See all articles by Matthew Tokson

Matthew Tokson

University of Utah - S.J. Quinney College of Law

Date Written: September 18, 2020

Abstract

Until recently, Supreme Court precedent dictated that a person waives their Fourth Amendment rights in information they disclose to another party. The Court reshaped this doctrine in Carpenter v. United States, establishing that the Fourth Amendment protects cell phone location data even though it is revealed to others. The Court emphasized that consumers had little choice but to disclose their data, because cell phone use is virtually inescapable in modern society.

In the wake of Carpenter, many scholars and lower courts have endorsed inescapability as an important factor for determining Fourth Amendment rights. Under this approach, surveillance that people cannot feasibly escape receives more Fourth Amendment scrutiny, while surveillance that can be avoided receives less, or none.

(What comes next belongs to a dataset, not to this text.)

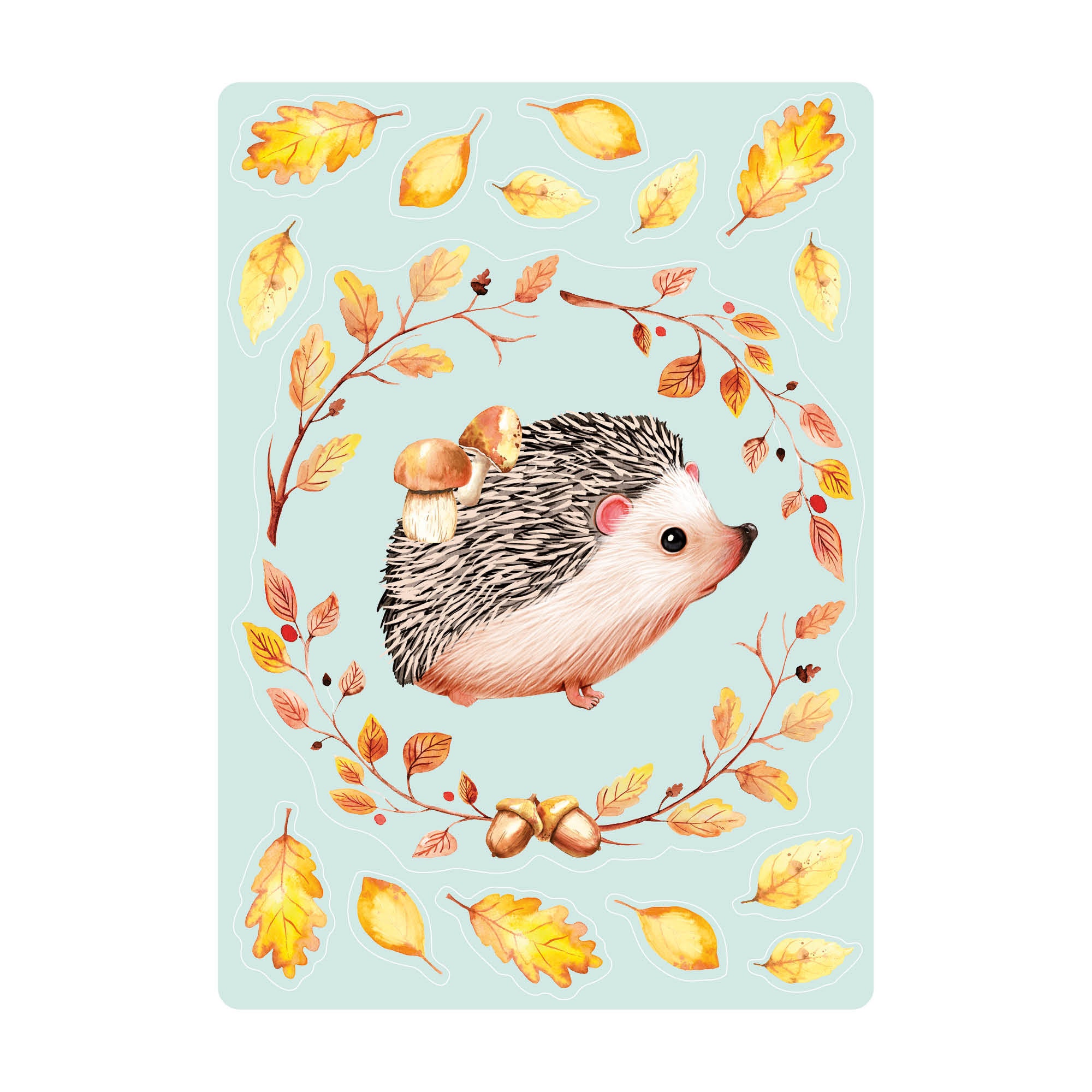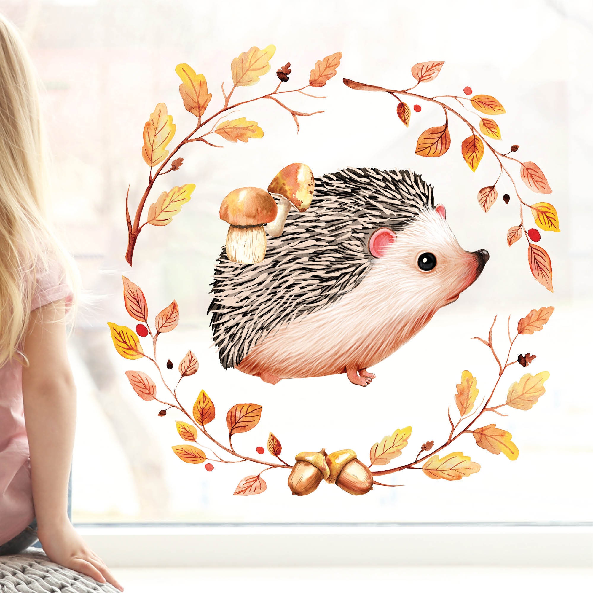 Fensterbild Herbst Igel mit Pilzen und Blätterkranz wiederverwendbare Fensteraufkleber Kinderzimmer

This Article offers the first systematic analysis of inescapability in Fourth Amendment law. It challenges the prevailing wisdom that inescapability is a desirable or workable basis for Fourth Amendment protection. Inescapability does not provide a conceptually coherent standard for courts to apply. It incentivizes consumers to forego beneficial technologies, creating substantial social harms. It fails to adequately protect the most sensitive forms of personal information. It creates doctrinal confusion and ignores established precedents that contradict the inescapability model. Moreover, inescapability analysis elides individual differences — technologies that are avoidable for most people may be unavoidable for others, including the disabled, the poor, and other disadvantaged populations.

Inescapability threatens to limit privacy rights to a narrow set of digital technologies while making a mess of Fourth Amendment doctrine. This Article analyzes these issues in depth and explores several alternatives for determining Fourth Amendment protections in the digital age.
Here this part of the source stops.